● **Task description**
Reproduce, exactly and only, the lines of the data that follows from the one containing "Organizado pelo dedicado" down to the one containing "More than 100", without pictures.

● **Source information**
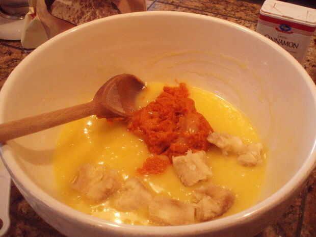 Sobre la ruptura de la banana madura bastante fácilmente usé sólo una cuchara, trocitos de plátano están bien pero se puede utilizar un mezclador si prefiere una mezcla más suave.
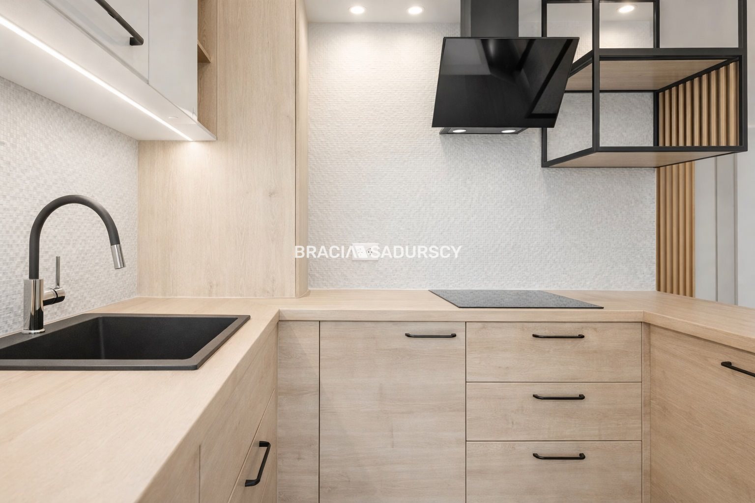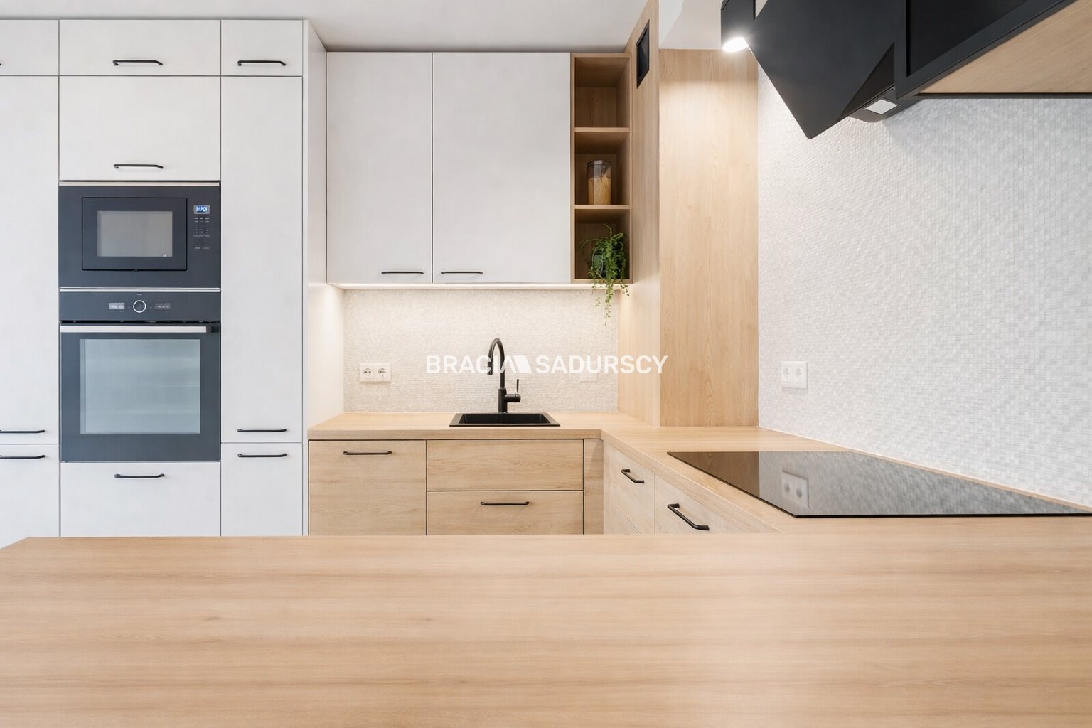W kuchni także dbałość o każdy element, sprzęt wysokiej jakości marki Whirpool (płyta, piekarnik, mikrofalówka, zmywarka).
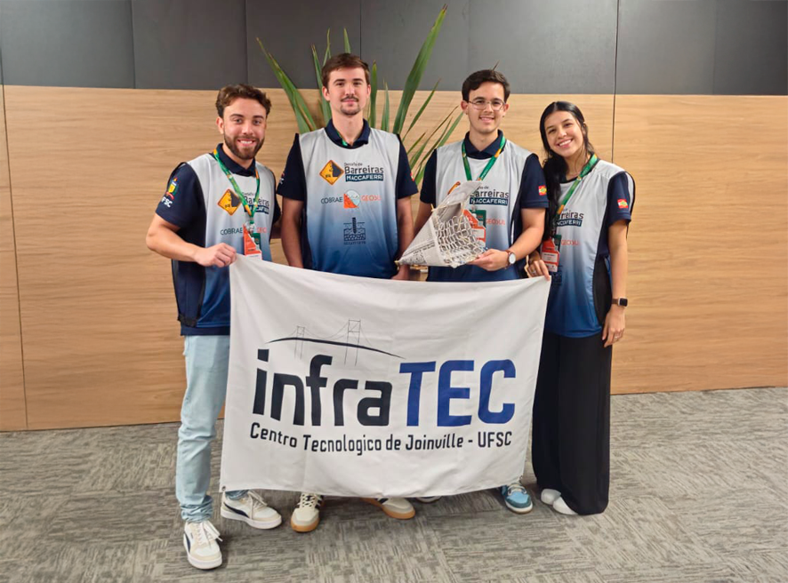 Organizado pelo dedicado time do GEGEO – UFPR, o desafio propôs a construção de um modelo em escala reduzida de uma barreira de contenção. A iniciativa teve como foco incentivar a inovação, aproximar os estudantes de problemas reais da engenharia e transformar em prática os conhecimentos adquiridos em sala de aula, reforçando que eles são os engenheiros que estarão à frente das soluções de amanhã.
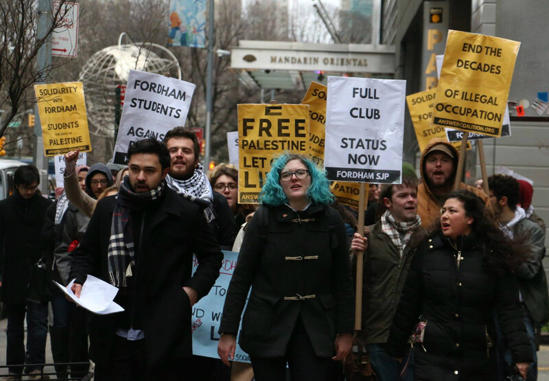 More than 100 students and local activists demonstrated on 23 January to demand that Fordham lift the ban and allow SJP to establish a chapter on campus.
...
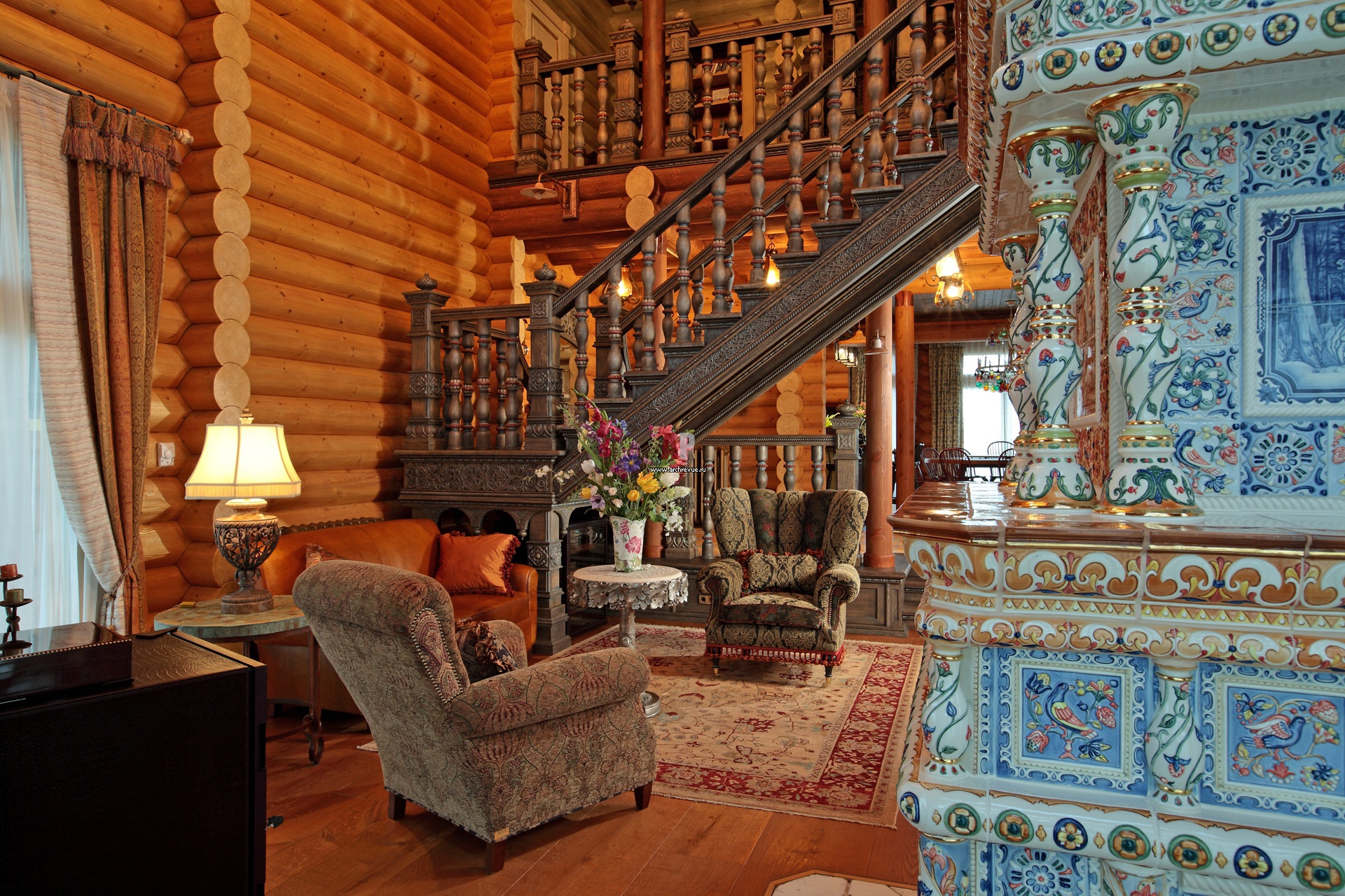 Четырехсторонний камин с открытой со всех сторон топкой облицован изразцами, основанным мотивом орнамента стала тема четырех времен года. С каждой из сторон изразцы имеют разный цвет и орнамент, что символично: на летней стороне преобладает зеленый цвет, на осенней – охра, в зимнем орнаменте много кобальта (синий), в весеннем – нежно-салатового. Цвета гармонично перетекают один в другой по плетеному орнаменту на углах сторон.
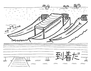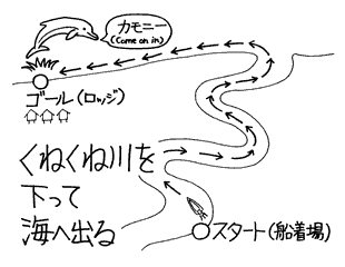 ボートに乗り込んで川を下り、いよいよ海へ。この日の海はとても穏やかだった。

● **Answer to the problem**
 Organizado pelo dedicado time do GEGEO – UFPR, o desafio propôs a construção de um modelo em escala reduzida de uma barreira de contenção. A iniciativa teve como foco incentivar a inovação, aproximar os estudantes de problemas reais da engenharia e transformar em prática os conhecimentos adquiridos em sala de aula, reforçando que eles são os engenheiros que estarão à frente das soluções de amanhã.
 More than 100 students and local activists demonstrated on 23 January to demand that Fordham lift the ban and allow SJP to establish a chapter on campus.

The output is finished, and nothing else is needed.